Take a look at the number of regions and CPU usage for the two clusters.

| username: magongyong | Original post link

The execution plans are the same.

New cluster

Old cluster

| username: magongyong | Original post link

The cluster load is very low, and queries are slow even during off-peak business hours.
The two clusters have a master-slave relationship, with consistent data and a similar number of regions.

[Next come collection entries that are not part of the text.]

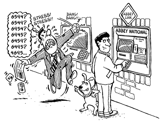 Cartoons to illustrate Abbey National's press release...ABBEY NATIONAL HELPS SOLVE THOSE PIN-HEAD ACHES! Keanu Reeves may have coped with information overload in 'The Matrix' but for many people it is often a case of 'too many numbers'. Research published by Abbey National has found the saturation of Personal Identification Numbers(PINs) is causing endless problems for British consumers.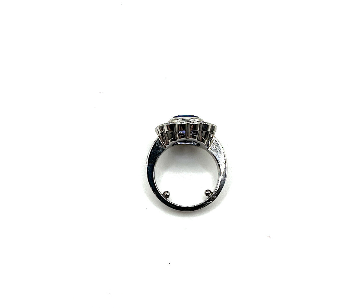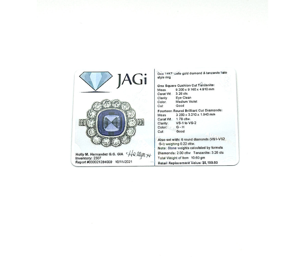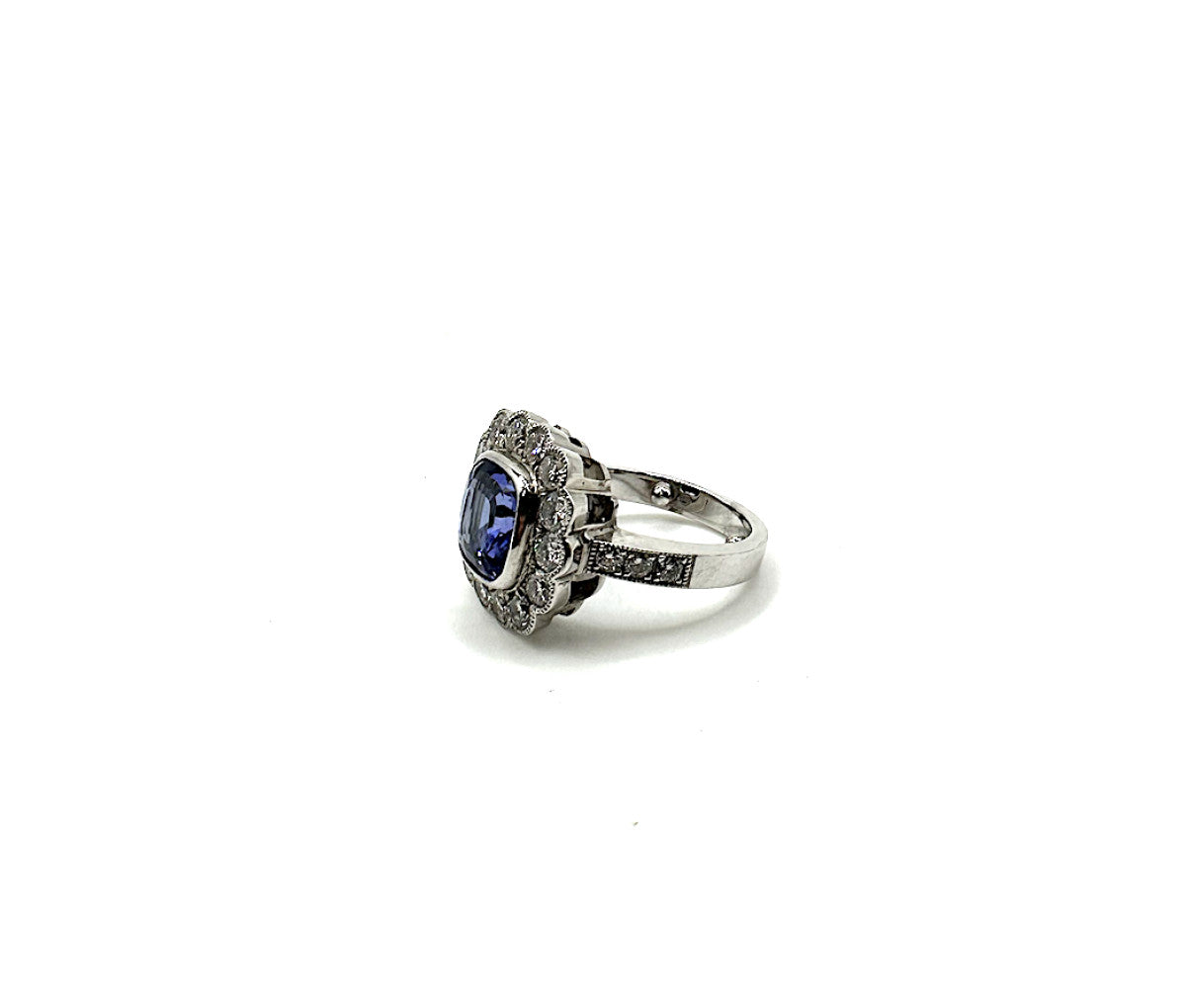 This is an exquisite piece of fine jewelry that combines the rare beauty of tanzanite with the brilliance of diamonds. The combination of the vibrant tanzanite and the dazzling diamonds makes this ring a statement piece, perfect for special occasions like engagements, anniversaries, or milestone celebrations. Its classic yet contemporary design is versatile enough to be worn every day or as a luxurious accent to formal wear.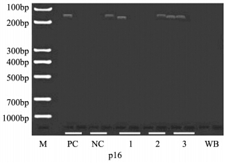 | 图 3 肝细胞癌组织中p16基因的MSP产物 Figure 3 MSP products of p16 in HCC tissues |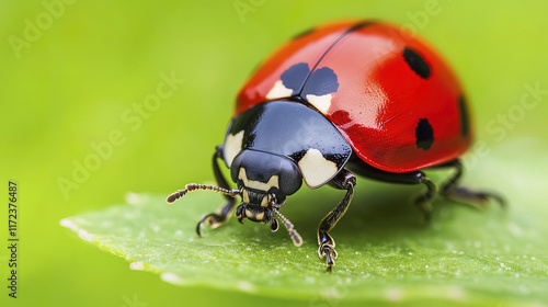 © THUA, Fototapeta premium Close up of ladybug on leaf in grassy field, showcasing its vibrant colors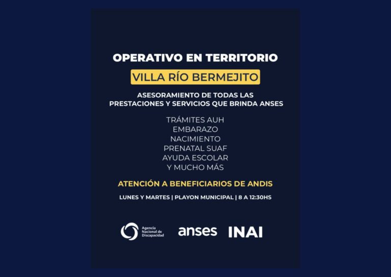 Este lunes y martes, en el playón municipal, de 8 a 12:30 hs, se llevará a cabo un operativo integral de asesoramiento y atención para vecinos de Villa Río Bermejito.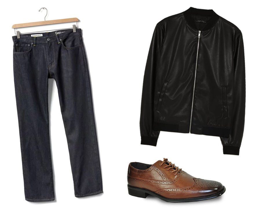 Áo khoác giả da Zara 89.9 USD, giày Bravo men's Milano-1 wing tip của Oxford giá 35 USD và quần jean Gap 36 USD.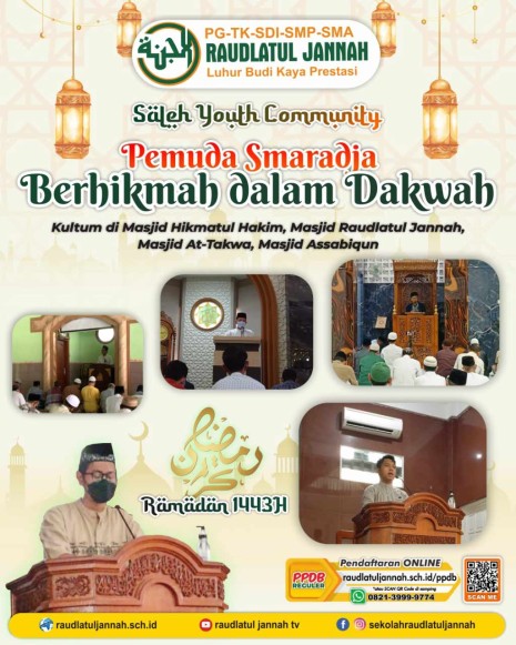 Alhamdulillah, sepanjang Ramadan 1443H tahun ini, beberapa pemuda Smaradja telah mengisi kultum di masjid-masjid yang bekerja sama dengan SMA Raudlatul Jannah. Masjid-masjid tersebut antara lain Masjid Raudlatul Jannah (Wisma Permai, Pepelegi), Masjid Hikmatul Hakim (Kedung Turi), Masjid At-Taqwa (Taman Pondok Legi), dan Masjid Assabiqun (Griya Wage Asri 2).
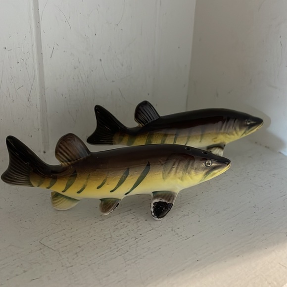 Beautiful pair of trout salt & pepper shakers. Made in Japan. No chips or marks. Excellent condition.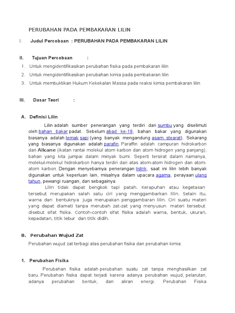 DOC) PERUBAHAN PADA PEMBAKARAN LILIN | Monika Tiara - Academia.edu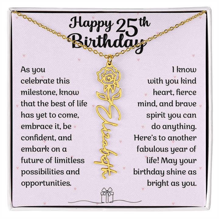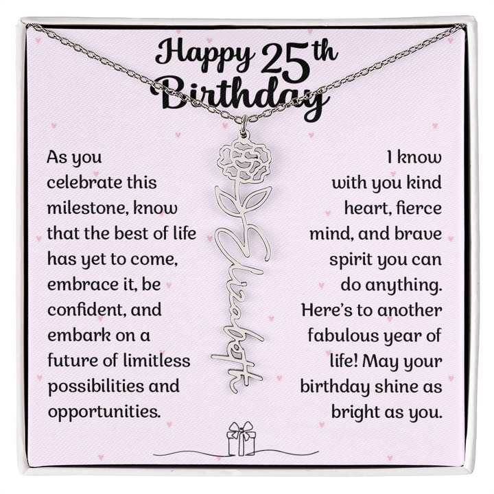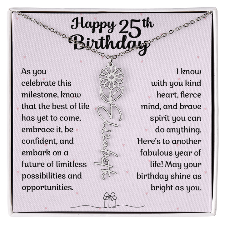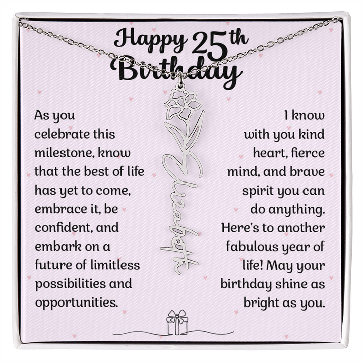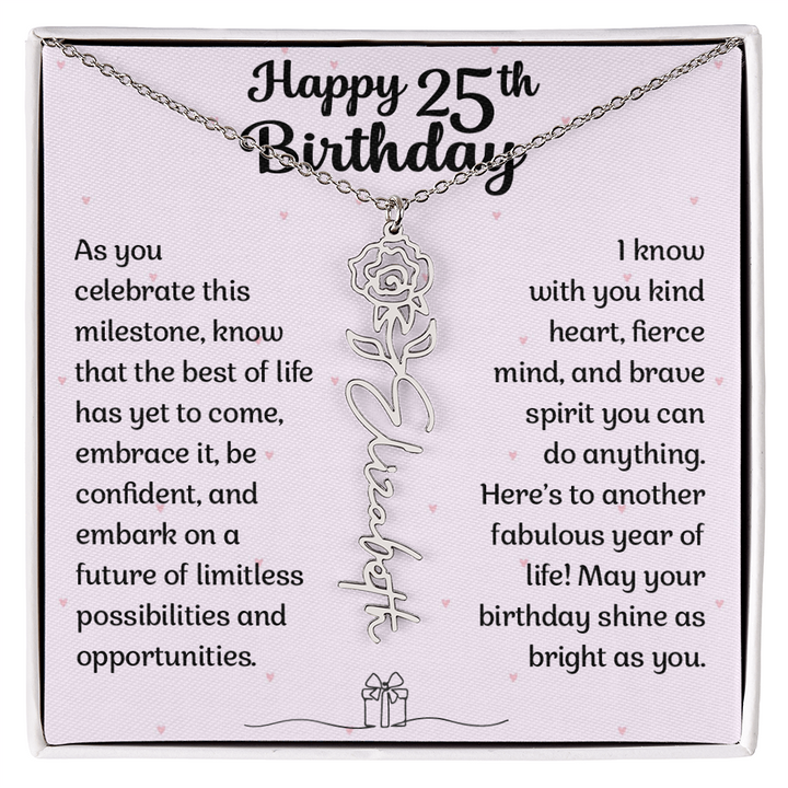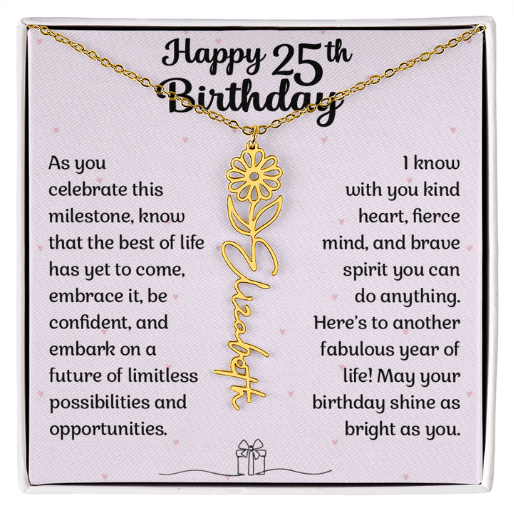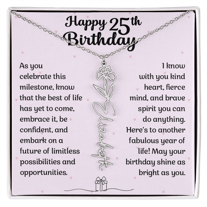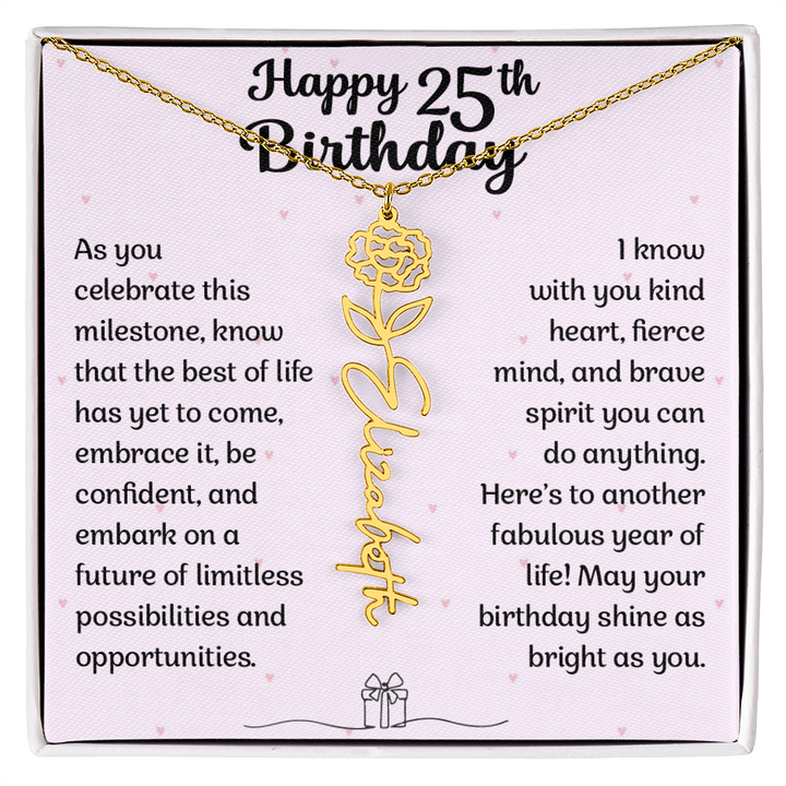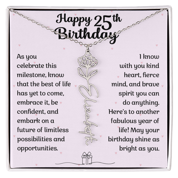 Personalize your style with a delicate Flower Name Necklace for 25th birthday – a unique floral-inspired gift that blends beauty and individuality perfectly.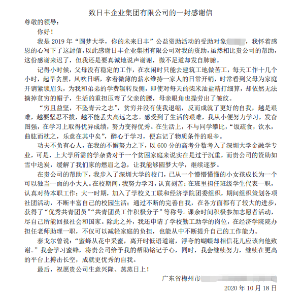 受支助的谆谆校友也用行为豪礼这一份舒适,把综合大的学日常过得千姿撕思,写封封衷心感谢信从各个到来日丰每个人中,.我看出 了并于护守的动容深情正向最终到达。

| username: 像风一样的男子 | Original post link

Are the data volumes of this table consistent across the two clusters? The estimated number of rows (estRows) for the two SQL operators is different. Try running an analyze on these two tables and check again.

| username: h5n1 | Original post link

Upload the two complete execution plans, both old and new.

| username: magongyong | Original post link

New Cluster






Old Cluster





| username: h5n1 | Original post link

Is the TiKV CPU busy? Check the TiKV-detail → thread CPU.

| username: magongyong | Original post link

The CPU usage is very low, almost not used. This was checked during a business off-peak period.

| username: magongyong | Original post link

I want to know if everyone experiences this as well. Does deep pagination query in version 6.5.3 slow down, or is it just our cluster having issues?

| username: Vincent_Wang | Original post link

I looked at the execution plan, and there’s a difference:
Old cluster 5.4.3: rpc_num: 7, rpc_time: 6.03s
New cluster 6.5.3: rpc_num: 303, rpc_time: 12.5s
The rpc_num has increased significantly. How can this be optimized?